Extracted data entries:

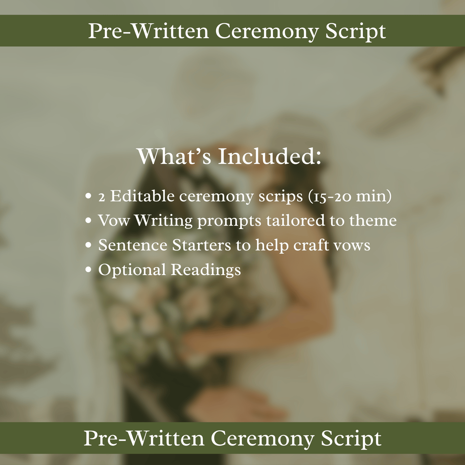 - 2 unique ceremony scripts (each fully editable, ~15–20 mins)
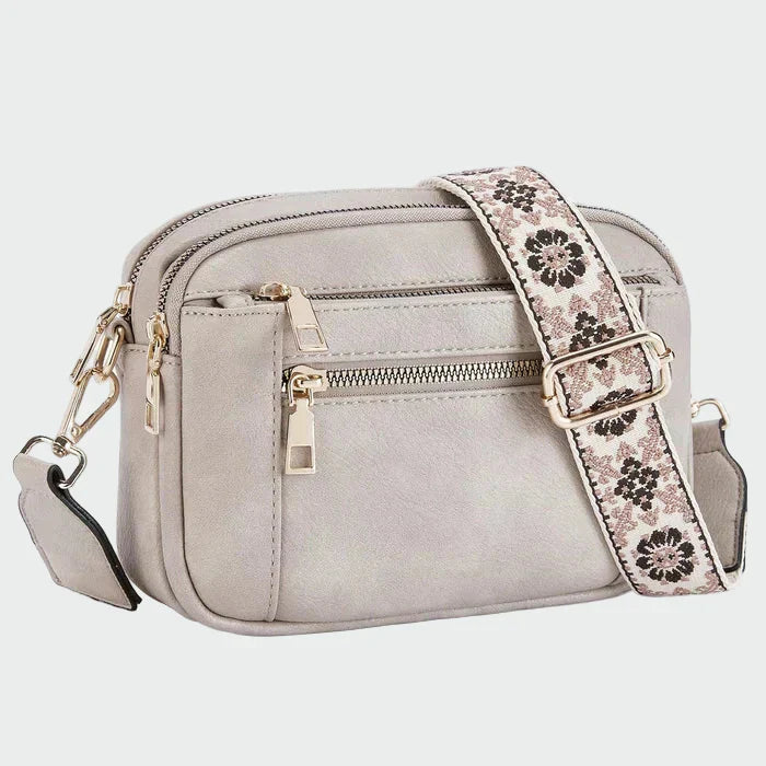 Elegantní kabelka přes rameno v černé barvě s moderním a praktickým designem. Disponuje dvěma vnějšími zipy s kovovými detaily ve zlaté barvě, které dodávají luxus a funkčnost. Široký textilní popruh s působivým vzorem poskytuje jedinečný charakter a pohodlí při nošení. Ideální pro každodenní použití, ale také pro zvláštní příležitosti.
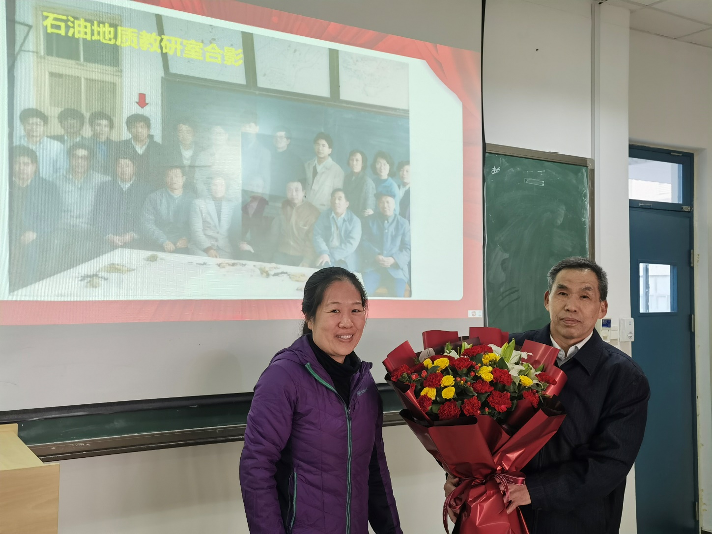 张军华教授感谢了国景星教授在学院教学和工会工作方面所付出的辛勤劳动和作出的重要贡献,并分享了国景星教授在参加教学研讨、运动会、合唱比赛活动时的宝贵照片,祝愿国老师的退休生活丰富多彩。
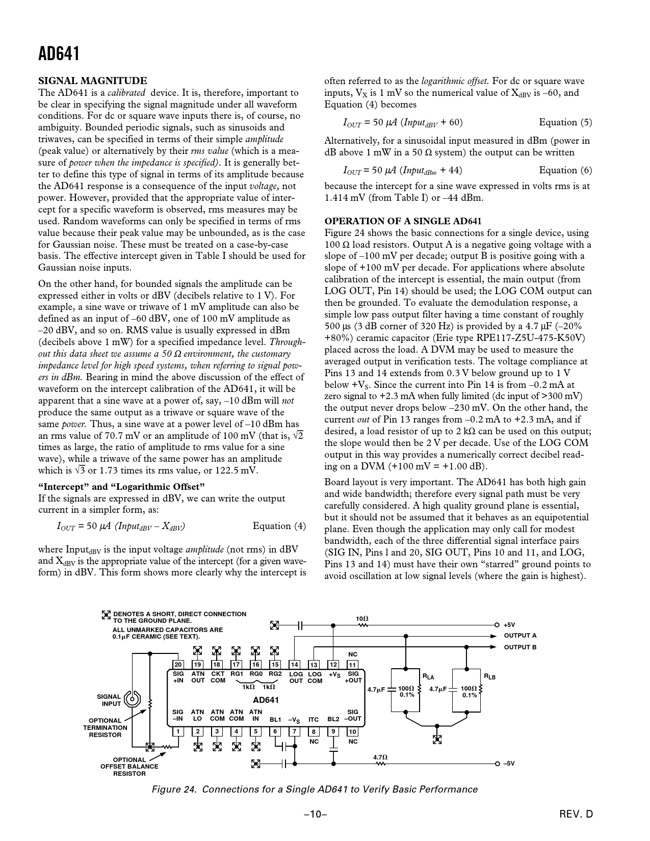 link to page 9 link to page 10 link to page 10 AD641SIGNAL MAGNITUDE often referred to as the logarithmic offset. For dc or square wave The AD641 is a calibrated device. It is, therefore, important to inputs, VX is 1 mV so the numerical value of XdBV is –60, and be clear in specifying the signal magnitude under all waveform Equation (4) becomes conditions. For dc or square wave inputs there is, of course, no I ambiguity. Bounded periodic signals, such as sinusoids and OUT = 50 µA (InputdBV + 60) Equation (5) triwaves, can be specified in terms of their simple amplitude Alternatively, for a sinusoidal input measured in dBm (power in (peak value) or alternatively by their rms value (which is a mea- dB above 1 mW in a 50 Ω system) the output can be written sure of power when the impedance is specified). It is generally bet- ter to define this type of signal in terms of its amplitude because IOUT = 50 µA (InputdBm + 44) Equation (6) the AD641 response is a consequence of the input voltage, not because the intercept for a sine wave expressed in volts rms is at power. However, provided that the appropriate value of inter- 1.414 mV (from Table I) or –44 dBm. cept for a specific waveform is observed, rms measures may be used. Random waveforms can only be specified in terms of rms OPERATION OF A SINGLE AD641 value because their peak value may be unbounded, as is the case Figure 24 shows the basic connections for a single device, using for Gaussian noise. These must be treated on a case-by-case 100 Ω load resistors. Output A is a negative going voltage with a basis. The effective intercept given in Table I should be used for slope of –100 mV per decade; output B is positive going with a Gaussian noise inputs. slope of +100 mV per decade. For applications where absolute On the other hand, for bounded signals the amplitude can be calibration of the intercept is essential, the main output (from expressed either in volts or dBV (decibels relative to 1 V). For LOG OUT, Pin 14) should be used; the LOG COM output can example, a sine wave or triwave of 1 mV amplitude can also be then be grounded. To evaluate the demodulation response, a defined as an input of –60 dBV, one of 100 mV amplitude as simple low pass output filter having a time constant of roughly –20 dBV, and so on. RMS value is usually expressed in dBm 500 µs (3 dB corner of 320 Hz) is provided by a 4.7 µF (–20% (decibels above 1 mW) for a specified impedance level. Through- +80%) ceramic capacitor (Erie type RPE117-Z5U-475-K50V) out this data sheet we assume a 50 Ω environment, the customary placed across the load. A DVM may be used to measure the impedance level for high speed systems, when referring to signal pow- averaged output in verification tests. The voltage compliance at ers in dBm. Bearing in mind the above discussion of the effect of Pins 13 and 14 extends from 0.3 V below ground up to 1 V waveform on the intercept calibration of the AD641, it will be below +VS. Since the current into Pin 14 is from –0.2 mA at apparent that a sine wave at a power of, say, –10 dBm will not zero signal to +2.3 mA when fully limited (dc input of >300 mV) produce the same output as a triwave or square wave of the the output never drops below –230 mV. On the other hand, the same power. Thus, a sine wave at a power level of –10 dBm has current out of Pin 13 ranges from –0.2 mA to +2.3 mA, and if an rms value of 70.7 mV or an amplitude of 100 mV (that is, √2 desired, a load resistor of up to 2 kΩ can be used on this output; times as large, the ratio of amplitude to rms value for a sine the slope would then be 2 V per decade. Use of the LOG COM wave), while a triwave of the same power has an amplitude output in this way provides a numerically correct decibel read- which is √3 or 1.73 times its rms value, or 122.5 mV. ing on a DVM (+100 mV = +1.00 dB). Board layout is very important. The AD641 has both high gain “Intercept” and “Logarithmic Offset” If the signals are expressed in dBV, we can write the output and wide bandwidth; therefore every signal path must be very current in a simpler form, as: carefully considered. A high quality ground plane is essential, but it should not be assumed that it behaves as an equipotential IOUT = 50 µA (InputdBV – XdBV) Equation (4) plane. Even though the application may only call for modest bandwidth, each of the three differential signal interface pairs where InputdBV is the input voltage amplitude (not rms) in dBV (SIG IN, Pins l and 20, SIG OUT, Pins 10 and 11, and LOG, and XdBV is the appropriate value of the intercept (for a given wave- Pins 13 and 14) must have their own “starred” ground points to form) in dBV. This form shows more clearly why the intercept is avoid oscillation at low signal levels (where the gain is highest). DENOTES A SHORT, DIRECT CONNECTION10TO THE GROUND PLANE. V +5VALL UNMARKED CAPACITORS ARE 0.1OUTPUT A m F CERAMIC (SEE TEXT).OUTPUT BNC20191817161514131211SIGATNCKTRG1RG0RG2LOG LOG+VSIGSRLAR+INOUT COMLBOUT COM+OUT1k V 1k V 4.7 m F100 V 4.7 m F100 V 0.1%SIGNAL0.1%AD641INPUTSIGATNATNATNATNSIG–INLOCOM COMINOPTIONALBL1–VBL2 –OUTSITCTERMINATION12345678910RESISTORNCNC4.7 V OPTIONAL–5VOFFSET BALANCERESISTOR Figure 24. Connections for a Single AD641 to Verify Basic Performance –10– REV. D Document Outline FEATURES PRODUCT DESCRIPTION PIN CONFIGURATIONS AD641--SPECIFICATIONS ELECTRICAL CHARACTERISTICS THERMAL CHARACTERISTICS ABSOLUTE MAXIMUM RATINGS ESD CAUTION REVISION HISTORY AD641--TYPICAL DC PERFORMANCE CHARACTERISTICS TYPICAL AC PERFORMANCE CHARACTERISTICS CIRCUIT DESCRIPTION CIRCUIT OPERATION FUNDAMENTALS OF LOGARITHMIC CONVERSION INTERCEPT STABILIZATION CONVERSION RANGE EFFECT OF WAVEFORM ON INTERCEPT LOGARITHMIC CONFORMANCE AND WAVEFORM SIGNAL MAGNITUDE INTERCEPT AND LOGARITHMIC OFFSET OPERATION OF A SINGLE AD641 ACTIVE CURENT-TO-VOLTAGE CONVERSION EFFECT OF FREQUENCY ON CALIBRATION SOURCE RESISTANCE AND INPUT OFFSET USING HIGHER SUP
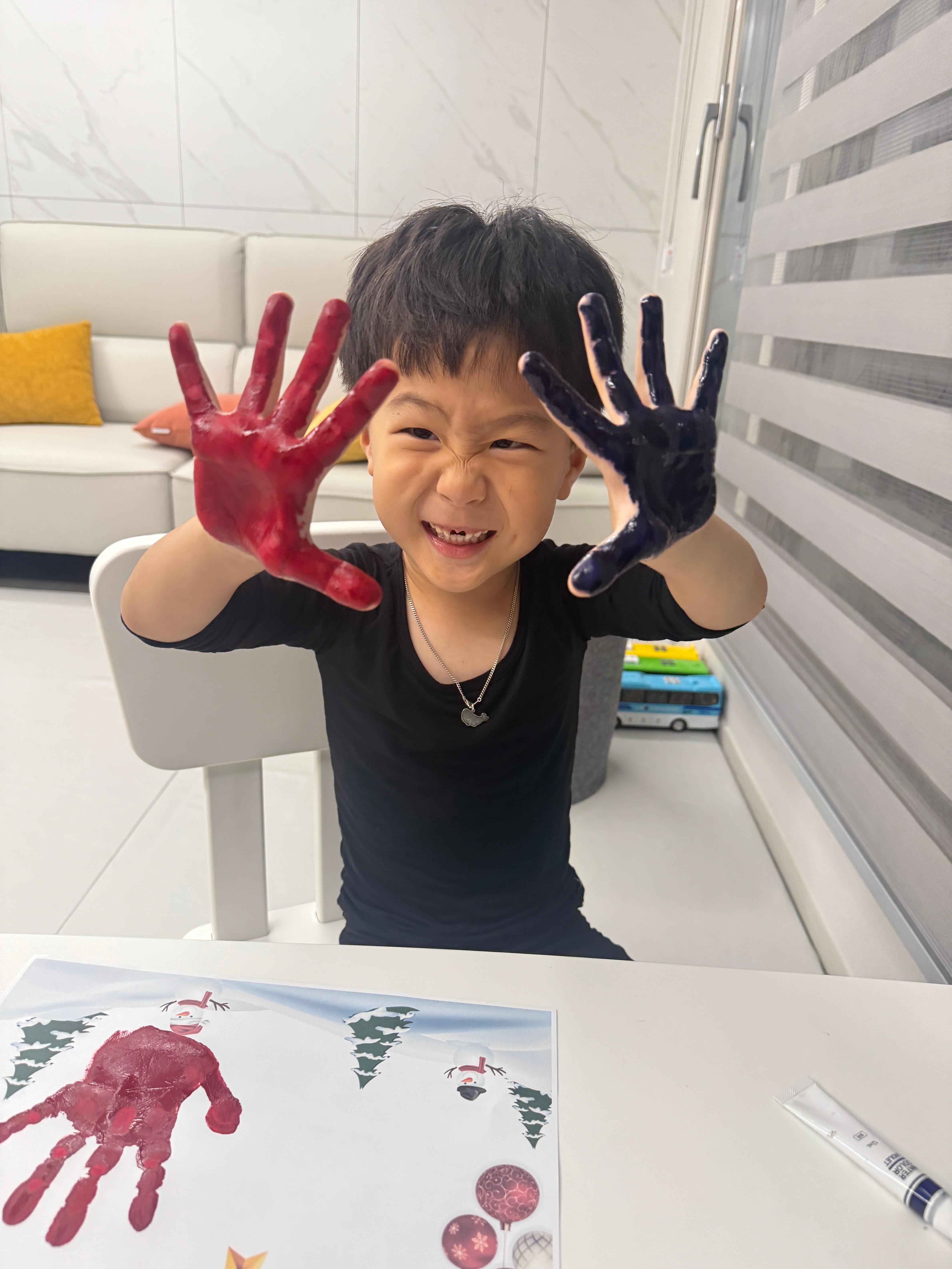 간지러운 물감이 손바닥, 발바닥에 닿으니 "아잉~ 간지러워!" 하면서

* [Your assignment]: An exact transcription of the records above is needed, with no pictures included.

* [Reply to the exercise]:
 - 2 unique ceremony scripts (each fully editable, ~15–20 mins)
 Elegantní kabelka přes rameno v černé barvě s moderním a praktickým designem. Disponuje dvěma vnějšími zipy s kovovými detaily ve zlaté barvě, které dodávají luxus a funkčnost. Široký textilní popruh s působivým vzorem poskytuje jedinečný charakter a pohodlí při nošení. Ideální pro každodenní použití, ale také pro zvláštní příležitosti.
 张军华教授感谢了国景星教授在学院教学和工会工作方面所付出的辛勤劳动和作出的重要贡献,并分享了国景星教授在参加教学研讨、运动会、合唱比赛活动时的宝贵照片,祝愿国老师的退休生活丰富多彩。
 link to page 9 link to page 10 link to page 10 AD641SIGNAL MAGNITUDE often referred to as the logarithmic offset. For dc or square wave The AD641 is a calibrated device. It is, therefore, important to inputs, VX is 1 mV so the numerical value of XdBV is –60, and be clear in specifying the signal magnitude under all waveform Equation (4) becomes conditions. For dc or square wave inputs there is, of course, no I ambiguity. Bounded periodic signals, such as sinusoids and OUT = 50 µA (InputdBV + 60) Equation (5) triwaves, can be specified in terms of their simple amplitude Alternatively, for a sinusoidal input measured in dBm (power in (peak value) or alternatively by their rms value (which is a mea- dB above 1 mW in a 50 Ω system) the output can be written sure of power when the impedance is specified). It is generally bet- ter to define this type of signal in terms of its amplitude because IOUT = 50 µA (InputdBm + 44) Equation (6) the AD641 response is a consequence of the input voltage, not because the intercept for a sine wave expressed in volts rms is at power. However, provided that the appropriate value of inter- 1.414 mV (from Table I) or –44 dBm. cept for a specific waveform is observed, rms measures may be used. Random waveforms can only be specified in terms of rms OPERATION OF A SINGLE AD641 value because their peak value may be unbounded, as is the case Figure 24 shows the basic connections for a single device, using for Gaussian noise. These must be treated on a case-by-case 100 Ω load resistors. Output A is a negative going voltage with a basis. The effective intercept given in Table I should be used for slope of –100 mV per decade; output B is positive going with a Gaussian noise inputs. slope of +100 mV per decade. For applications where absolute On the other hand, for bounded signals the amplitude can be calibration of the intercept is essential, the main output (from expressed either in volts or dBV (decibels relative to 1 V). For LOG OUT, Pin 14) should be used; the LOG COM output can example, a sine wave or triwave of 1 mV amplitude can also be then be grounded. To evaluate the demodulation response, a defined as an input of –60 dBV, one of 100 mV amplitude as simple low pass output filter having a time constant of roughly –20 dBV, and so on. RMS value is usually expressed in dBm 500 µs (3 dB corner of 320 Hz) is provided by a 4.7 µF (–20% (decibels above 1 mW) for a specified impedance level. Through- +80%) ceramic capacitor (Erie type RPE117-Z5U-475-K50V) out this data sheet we assume a 50 Ω environment, the customary placed across the load. A DVM may be used to measure the impedance level for high speed systems, when referring to signal pow- averaged output in verification tests. The voltage compliance at ers in dBm. Bearing in mind the above discussion of the effect of Pins 13 and 14 extends from 0.3 V below ground up to 1 V waveform on the intercept calibration of the AD641, it will be below +VS. Since the current into Pin 14 is from –0.2 mA at apparent that a sine wave at a power of, say, –10 dBm will not zero signal to +2.3 mA when fully limited (dc input of >300 mV) produce the same output as a triwave or square wave of the the output never drops below –230 mV. On the other hand, the same power. Thus, a sine wave at a power level of –10 dBm has current out of Pin 13 ranges from –0.2 mA to +2.3 mA, and if an rms value of 70.7 mV or an amplitude of 100 mV (that is, √2 desired, a load resistor of up to 2 kΩ can be used on this output; times as large, the ratio of amplitude to rms value for a sine the slope would then be 2 V per decade. Use of the LOG COM wave), while a triwave of the same power has an amplitude output in this way provides a numerically correct decibel read- which is √3 or 1.73 times its rms value, or 122.5 mV. ing on a DVM (+100 mV = +1.00 dB). Board layout is very important. The AD641 has both high gain “Intercept” and “Logarithmic Offset” If the signals are expressed in dBV, we can write the output and wide bandwidth; therefore every signal path must be very current in a simpler form, as: carefully considered. A high quality ground plane is essential, but it should not be assumed that it behaves as an equipotential IOUT = 50 µA (InputdBV – XdBV) Equation (4) plane. Even though the application may only call for modest bandwidth, each of the three differential signal interface pairs where InputdBV is the input voltage amplitude (not rms) in dBV (SIG IN, Pins l and 20, SIG OUT, Pins 10 and 11, and LOG, and XdBV is the appropriate value of the intercept (for a given wave- Pins 13 and 14) must have their own “starred” ground points to form) in dBV. This form shows more clearly why the intercept is avoid oscillation at low signal levels (where the gain is highest). DENOTES A SHORT, DIRECT CONNECTION10TO THE GROUND PLANE. V +5VALL UNMARKED CAPACITORS ARE 0.1OUTPUT A m F CERAMIC (SEE TEXT).OUTPUT BNC20191817161514131211SIGATNCKTRG1RG0RG2LOG LOG+VSIGSRLAR+INOUT COMLBOUT COM+OUT1k V 1k V 4.7 m F100 V 4.7 m F100 V 0.1%SIGNAL0.1%AD641INPUTSIGATNATNATNATNSIG–INLOCOM COMINOPTIONALBL1–VBL2 –OUTSITCTERMINATION12345678910RESISTORNCNC4.7 V OPTIONAL–5VOFFSET BALANCERESISTOR Figure 24. Connections for a Single AD641 to Verify Basic Performance –10– REV. D Document Outline FEATURES PRODUCT DESCRIPTION PIN CONFIGURATIONS AD641--SPECIFICATIONS ELECTRICAL CHARACTERISTICS THERMAL CHARACTERISTICS ABSOLUTE MAXIMUM RATINGS ESD CAUTION REVISION HISTORY AD641--TYPICAL DC PERFORMANCE CHARACTERISTICS TYPICAL AC PERFORMANCE CHARACTERISTICS CIRCUIT DESCRIPTION CIRCUIT OPERATION FUNDAMENTALS OF LOGARITHMIC CONVERSION INTERCEPT STABILIZATION CONVERSION RANGE EFFECT OF WAVEFORM ON INTERCEPT LOGARITHMIC CONFORMANCE AND WAVEFORM SIGNAL MAGNITUDE INTERCEPT AND LOGARITHMIC OFFSET OPERATION OF A SINGLE AD641 ACTIVE CURENT-TO-VOLTAGE CONVERSION EFFECT OF FREQUENCY ON CALIBRATION SOURCE RESISTANCE AND INPUT OFFSET USING HIGHER SUP
 간지러운 물감이 손바닥, 발바닥에 닿으니 "아잉~ 간지러워!" 하면서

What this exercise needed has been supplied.